The main factual issue at the trial was whether the point of impact between the vehicles occurred on the Bittons' (north) side of the highway or on Peters' (south) side of the highway. The testimony of the truck driver and a state trooper provided substantial support for defendants' contention that the accident occurred entirely upon the south side of the highway. Plaintiff's evidence tending to show that the accident occurred on the north side of the highway consisted mainly of photographs showing gouge marks in the asphalt surface on that side of the highway, and expert testimony interpreting those photographs and analyzing the gouges. This expert testimony was given by Dr. William C. Kieling and Mr. Charles V. Smith.1
At the close of plaintiff's evidence, defendants moved to strike the testimony of Dr.
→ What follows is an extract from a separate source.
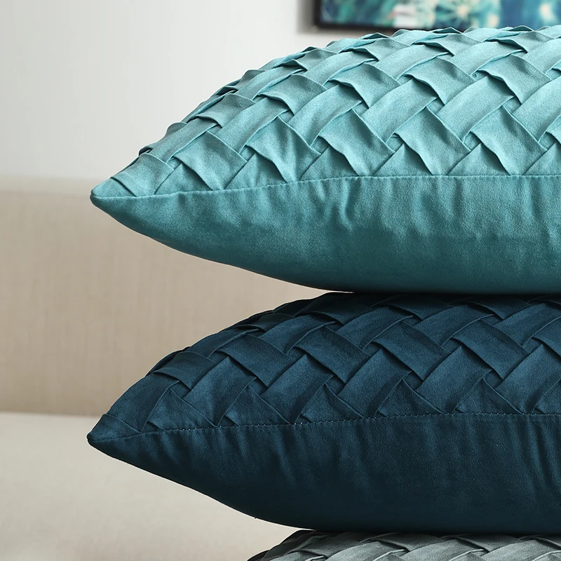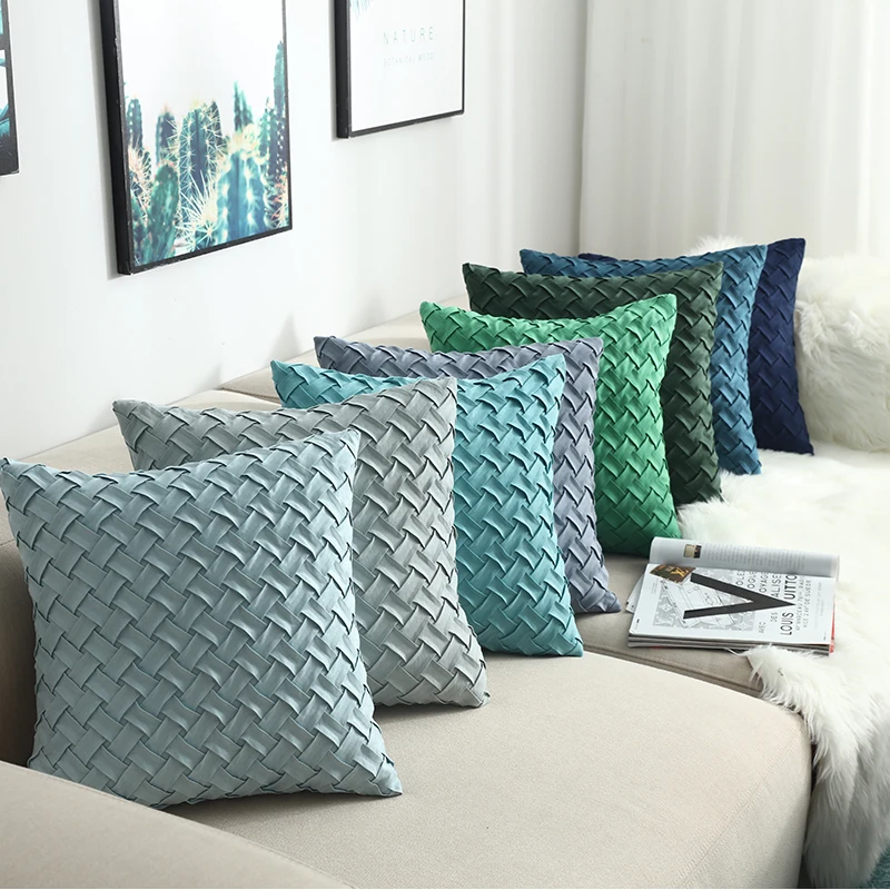 Синяя наволочка из мягкой искусственной замши, домашний декоративный темно-синий чехол для подушки с тканым рисунком, Зеленый 45x45 см30x50 см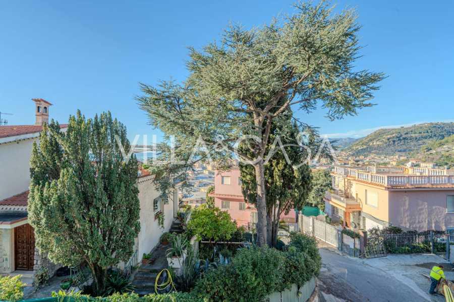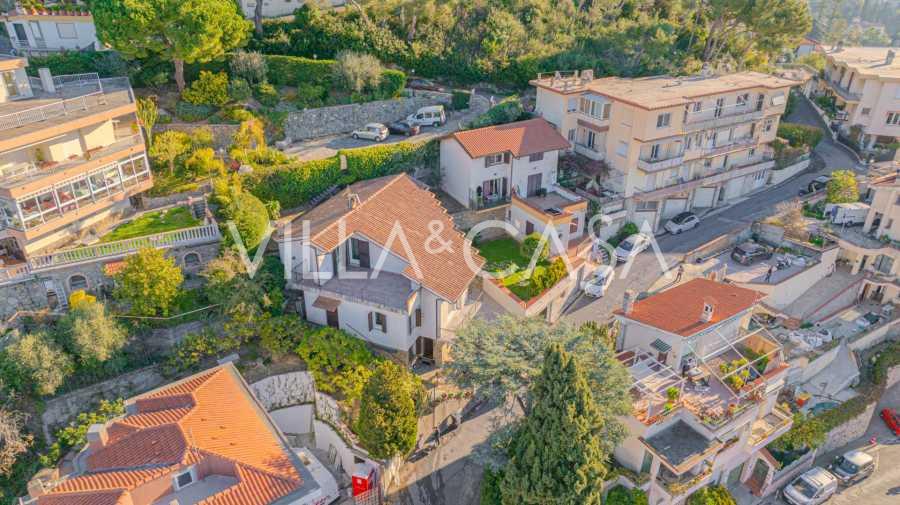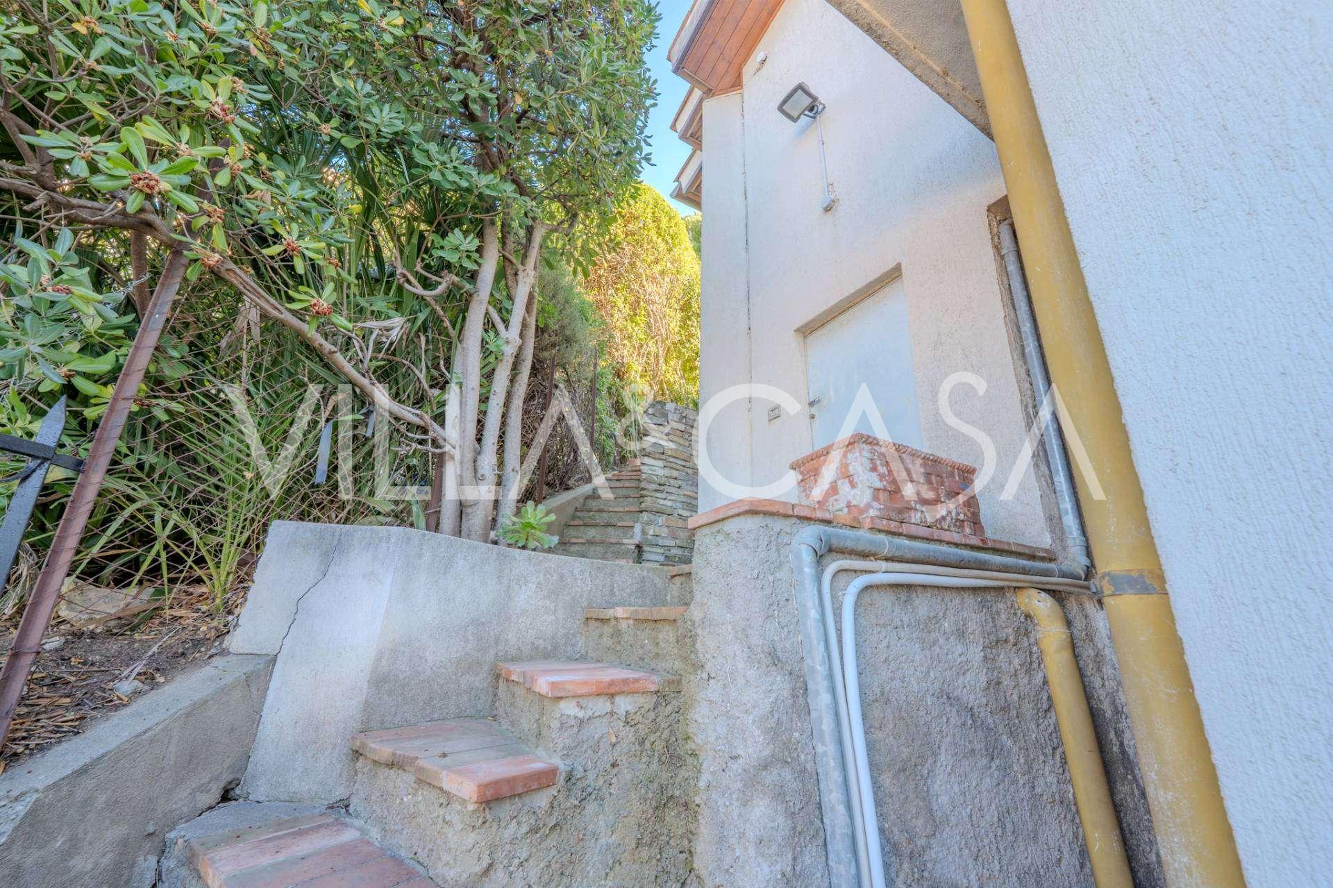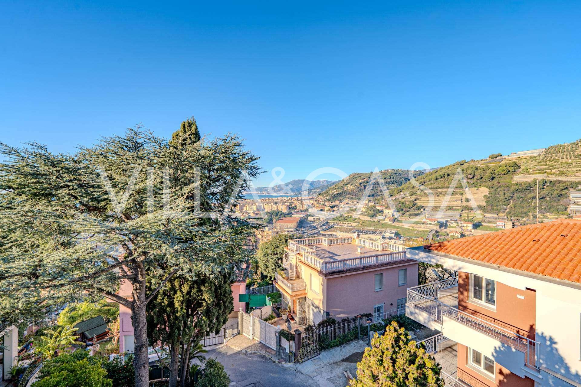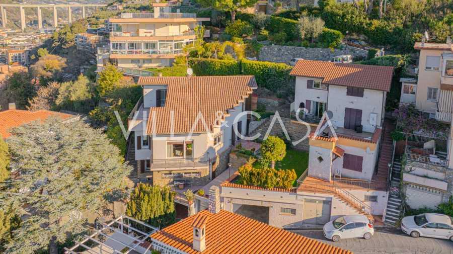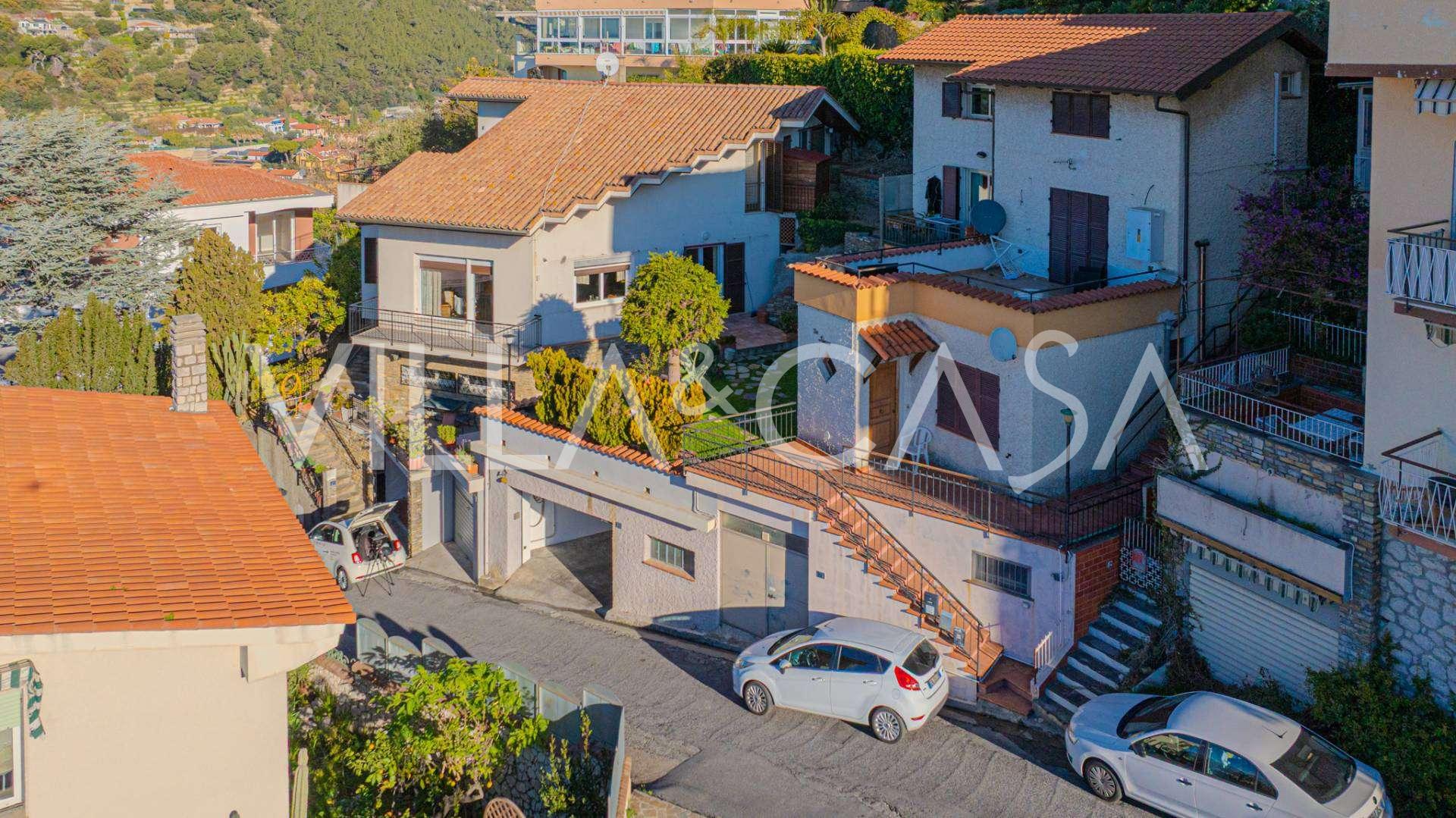 In Vallecrosia, in a sunny area just a 15-minute walk from the sea, a spacious villa with a total area of approximately 251 m² is for sale. The house has three floors and consists of two independent parts, which are currently combined into one living space.

Kieling and Mr. Smith. They so moved on the ground that the opinions expressed by these experts were based upon the faulty factual premise that the gouge marks on the highway surface were made at the time of the collision. Defendants urged that the evidence conclusively shows that the gouge marks were not present immediately after the accident and must have been made some six hours later when the disabled tractor was hauled away.
The trial court declined to strike all of the testimony of Dr. Kieling and Mr. Smith. But the court did strike their ultimate expressions of opinion to the effect that the collision occurred on the north side of the highway. It did so on the ground that such opinions were based upon the assumption that the gouge marks were made at the time of the collision, which assumption was not borne out by the evidence.
Plaintiff argues here that the trial court erred in striking these expressions of opinion by plaintiff's two expert witnesses.
It is not questioned that Dr. Kieling and Mr. Smith were qualified experts concerning the significance to be attached to highway markings such as the gouges in question. Nor is it disputed on this appeal that, although the opinions they expressed went to the ultimate issue to be decided by the jury, the subject matter was appropriate for expert testimony. See Knight v. Borgan, 52 Wash.2d 219, 324 P.2d 797 (1958). The narrow question which the trial court had to decide was whether the premise upon which the experts based their opinions, namely, that the gouge marks were made at the time of the collision, amounted to a factually unsupported hypothesis. If it did, the opinions were properly stricken. See Mercer v. Dept. of Labor and Industries, 74 Wash.2d 96, 99, 442 P.2d 1000, 1002 (1968).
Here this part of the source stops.